A brief information of miRNA mechanisms allow targeted therapeutic approaches based on either miRNA supplementation or their inhibition123,124. As a whole, miRNAs with decrease resistance to radiotherapy or chemotherapy resistance can be achieved by their suppression. Consequently, novel strategy of miRNA inhibition or addition along with radiotherapy or chemotherapy may be established. Such therapeutic approaches using miRNAs with specific expression may be particularly valuable in personalized therapy and target based directed treatment for CC.
CONCLUSION
Alterations in miRNAs expression profile engaged in cell cycle control are mostly events in the development of CC represent a challenging research area. Still information related to miRNAs role in the CC progression and its development is in early stages. More exploration will lead a better understanding towards the functional role of miRNAs and provide new insights into many viral infectious diseases.
SIGNIFICANCE STATEMENT
This study entails the possible role of miRNA in diagnosis, development and progression of cervical carcinoma. This will help the oncologist to better understand the possible role of miRNA in CC diagnosis, their therapeutic applications, treatment outcome along chemotherapy and radiotherapy.
ACKNOWLEDGMENTS
Thanks to Dr.
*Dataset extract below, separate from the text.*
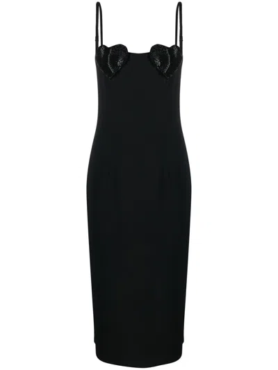 Elegant Midi Dress With Rhinestone Floral Accents In Black
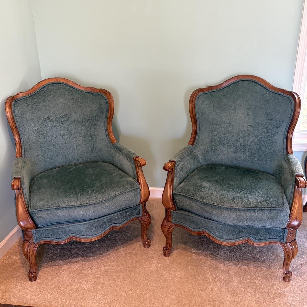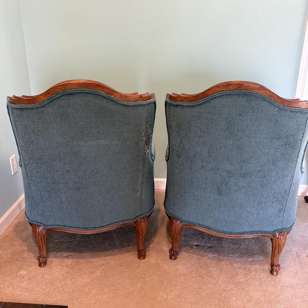 This set of two matching Highland House teal upholstered arm chairs comes with four matching teal pillows. The measurements of the chairs are approximately 29" x 23" x 40"H with a seat height or 18".

Ayman Khalid Johargy (Medical Microbiology, College of Medicine) for helping us in key understanding and explanation regarding the miRNAs expression profile, dysregulation in CC. The present study was submitted by A.J in partial fulfillment of the professional requirements at Umm Al-Qura University (UQU), Saudi Arabia. The authors are extremely thankful for the support and encouragement to the UQU for providing this opportunity.